De lesprit de pénitence

F. Diogène

03/Sep/2010

Je devrais peut-être songer à présenter des excuses à des gens du monde si je venais leur apporter des considérations sur un sujet en apparence si fâcheux, et capable de troubler leur quiétude ou de déranger leurs plans de recherche de vie aisée et facile. Je n'ai à aucun degré cette préoccupation en m'adressant à des religieux qui considèrent la mortification comme une des vertus fondamentales de leur état. Je dirai cependant que c'est le temps du carême qui m'a porté à réunir ces notes puisées un peu partout comme on le remarquera. Elles comportent une partie de doctrine appuyée par des exemples et se terminent par quelques indications pratiques de nature à guider les débutants et parfois ceux qui sont plus avancés dans les voies de la pénitence. Je serais amplement récompensé si quelques âmes pouvaient puiser dans ces lignes l'idée d'achever la sainte quarantaine plus en conformité avec l'esprit de l'Eglise.

* *

Cette parole : « Renoncez à vous-même, prenez votre croix et suivez Jésus „ semble dure à bien des gens, dit l'auteur de l'Imitation. Mais il sera bien plus dur d’entendre au dernier jour cette autre parole : Retirez-vous de moi, maudits, allez au feu éternel. ». Car, ceux qui maintenant écoutent et suivent de bon cœur la parole de la croix ne craindront point alors d'entendre cet arrêt de l'éternelle condamnation.
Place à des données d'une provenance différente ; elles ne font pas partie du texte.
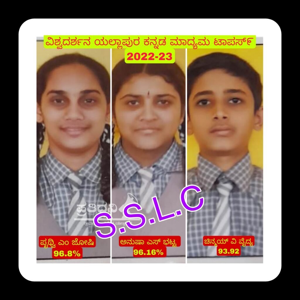 ಪ್ರತಿಧ್ವನಿ,ಯಲ್ಲಾಪುರ : ಪಟ್ಟಣದ ವಿಶ್ವದರ್ಶನ ಕನ್ನಡ ಮಾಧ್ಯಮ ಪ್ರೌಢಶಾಲೆಯ ಪ್ರಸಕ್ತ ಸಾಲಿನ ಎಸ್.ಎಸ್.ಎಲ್.ಸಿ ಫಲಿತಾಂಶ ಶೇ.94 ಆಗಿದ್ದು, ಪೃಥ್ವಿ ಎಂ.ಜೋಷಿ (96.8%), ಅನುಷಾ ಎಸ್. ಭಟ್ಟ (96.16%), ಚಿನ್ಮಯ ವಿ. ವೈದ್ಯ (93.92%) ಅನುಕ್ರಮ ಸ್ಥಾನ ಪಡೆದಿದ್ದಾರೆ. ಪರೀಕ್ಷೆಗೆ ಕುಳಿತ ವಿದ್ಯಾರ್ಥಿಗಳಲ್ಲಿ ಪ್ರಥಮ ಭಾಷೆ ಕನ್ನಡದಲ್ಲಿ ಐವರು ಹಾಗೂ ಹಿಂದಿಯಲ್ಲಿ ಮೂವರು ವಿದ್ಯಾರ್ಥಿಗಳು ಶೇ.100 ಅಂಕ ಪಡೆದಿದ್ದಾರೆ.

Si vous portez de bon cœur la croix, dit le même auteur, elle vous portera et vous conduira au terme désiré où vous cesserez de souffrir, mais ce ne sera pas en ce monde ; si vous la portez à regret, vous en augmenterez le poids, et cependant, il faudra toujours que vous la portiez. Si vous rejetez une croix, vous en trouverez infailliblement une autre, et peut-être plus pesante.

Croyez-vous pouvoir fuir ce que nul homme n'a pu éviter ? Jésus-Christ, lui-même, Notre Seigneur, n'a pas été une seule heure en sa vie sans souffrir de la douleur.

Or, le chrétien, et à plus forte raison le religieux, doit être un autre Jésus-Christ ; il ne peut donc se soustraire à la souffrance.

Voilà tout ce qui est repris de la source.